Несмотря ни на что, он почувствовал облегчение, когда лагерь наконец остался, позади. Воздух становился все чище. Высокое синее небо стояло над ними, вдали возвышались холмы. Граф Худениц снова спросил, до чего они договорились и стоит ли рассчитывать на возвращение в Прагу, но, когда король промолчал, он оставил его в покое.
Король закашлялся. Он уже не был уверен, произошло ли все это на самом деле или померещилось: этот толстяк с мясистыми руками, ужасные вещи, которые он говорил, предложение, которое ему всей душой хотелось принять, но от которого пришлось отказаться. Почему, спросил он себя, почему он, собственно, отказался? Забыл. Причины, только что еще такие веские, растворились в тумане. Он даже видел этот туман, синеющий в воздухе и размывающий холмы.
Рядом рассказывал о своей жизни шут, но королю вдруг показалось, будто речь шута звучит внутри него, будто шут не едет рядом, а стал лихорадочным голосом в голове, частью его самого, о существовании которой ему не хотелось знать. Он закрыл глаза.
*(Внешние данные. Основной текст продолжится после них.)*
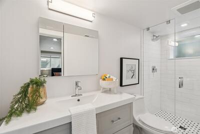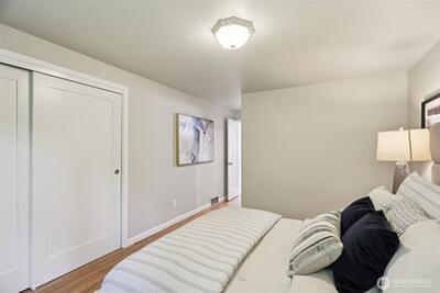 Welcome to your prime-Ballard area location, move-in ready home! This North Beach home has modern amenities and quality renovations throughout it's 2,260 sq ft, including AC installed in 2025. Situated on a dead-end street, you will be minutes from Shilshole Bay Marina and a short distance to Golden Gardens Park. Light & Bright, with 4 bedrooms w/2 owners suites, 2 fireplaces, solid Red Oak flooring & an oversized living/rec room downstairs. Gourmet kitchen boasting beautiful quartz countertops, full backsplash, undermount sink, & wainscoting. Gorgeous remodeled bathrooms, & outside, a cozy backyard boasting an expansive composite deck with built-in seating. Upgrades also include tons of new lighting, & a hi-efficiency furnace. Private & landscaped lot, w/off-street parking for cars, boats, RV's or possible ADU. 2-car garage as well as driveway parking affords plenty of flexibility for cars, storage and additional flex space. Mortgage savings may be available for buyers of this excepti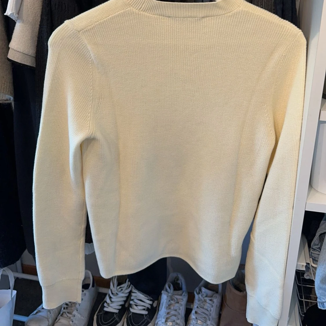Säljer en superfin stickad tröja från Mango. Den är i nyskick och har en normal passform. Perfekt för höst och vår! Tröjan har långa ärmar och en rund halsringning. Den är både mysig och stilren, perfekt för att hålla sig varm och snygg på samma gång. 🌼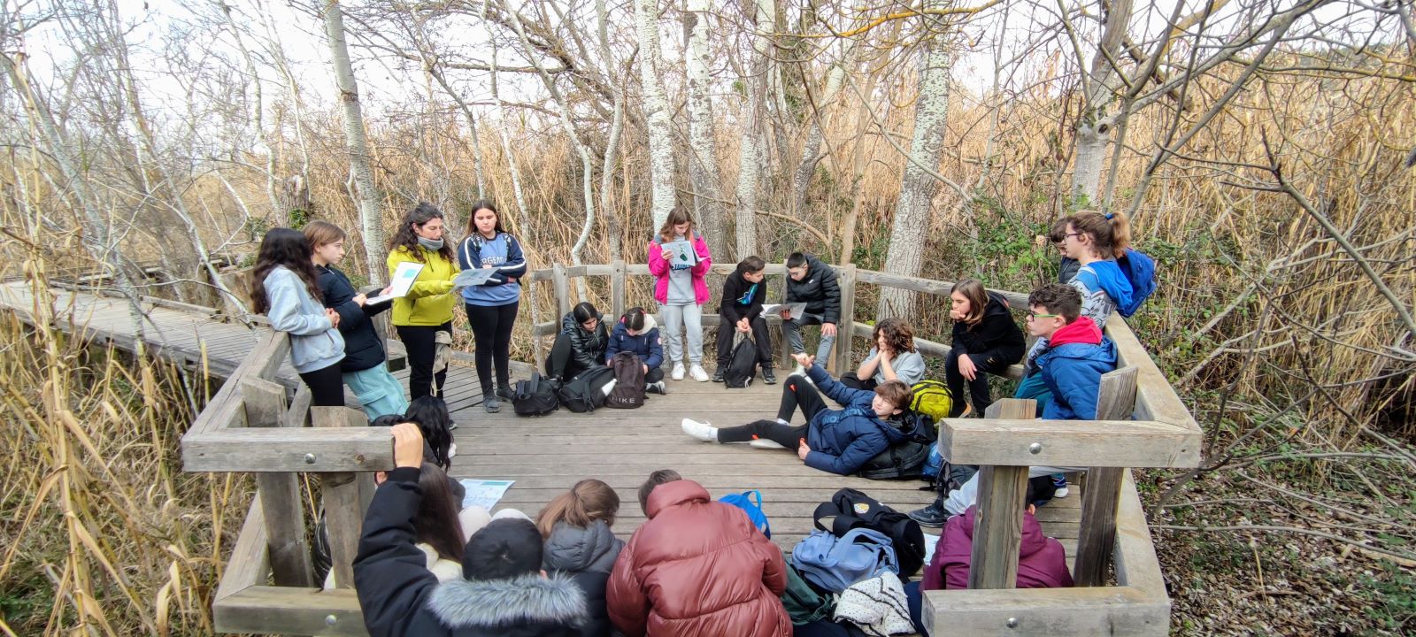 Els dies 5, 6 i 7 de febrer l’alumnat de 1r ESO va realitzar una sortida al Camp d’Aprenentatge de Flix, en concret a la Reserva Natural de Sebes. El grup va fer un itinerari per aquest espai natural i on van poder fer un seguit d’activitats per identificar i conèixer els arbres que formen part del bosc de ribera, també van observar ocells amb prismàtics i van conèixer la importància dels cavalls de la Camarga en la conservació de les zones humides.

Шут говорил, как он сбежал с сестрой: ее отца сожгли за колдовство, а ее мать отправилась с рыцарем на восток, в Иерусалим, а может быть, в далекую Персию, кто знает.
— Да она же тебе не сестра вовсе, — услышал король голос повара.
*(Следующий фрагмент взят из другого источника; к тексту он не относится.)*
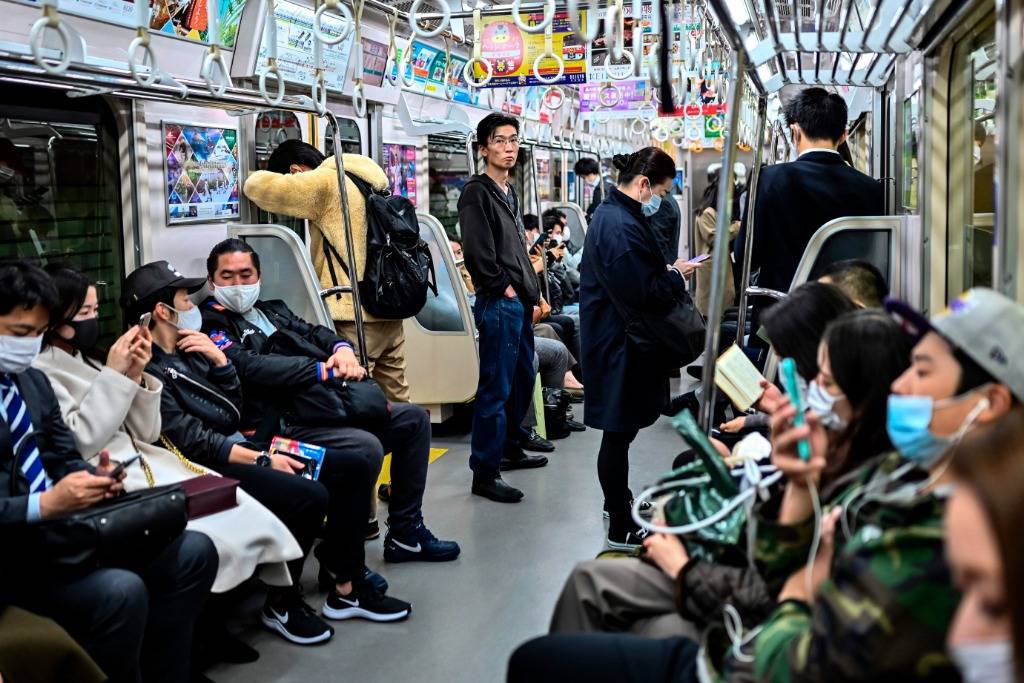 这是11月17日在日本东京拍摄的戴口罩的通勤者。新华社/法新

Они с сестрой, рассказывал шут, сперва странствовали с плохим певцом, который был к ним добр, а потом с артистом, у которого он научился всему, что знает, отличным выдумщиком, хорошим жонглером, актером получше многих, только вот человек он был дурной, до того скверный, что Неле считала его чертом. А потом они поняли, что всякий артист — частью черт, частью зверь, а частью безобидное существо. И тогда Пирмин, так его звали, стал им не нужен, и после очередной его жестокости Неле сварила ему грибной супчик, которого он никогда не забудет, вернее, сразу забыл, потому что от него помер; две пригоршни опят, мухомор и кусок черной поганки — вот и все. Хитрость в том, что нужен и мухомор, и поганка: любого из этих грибов было бы достаточно, но по отдельности они слишком горчат, он бы заметил. А если их вместе сварить, выходит вкусно, и пахнет тонко, сладковато, никто не заподозрит плохого.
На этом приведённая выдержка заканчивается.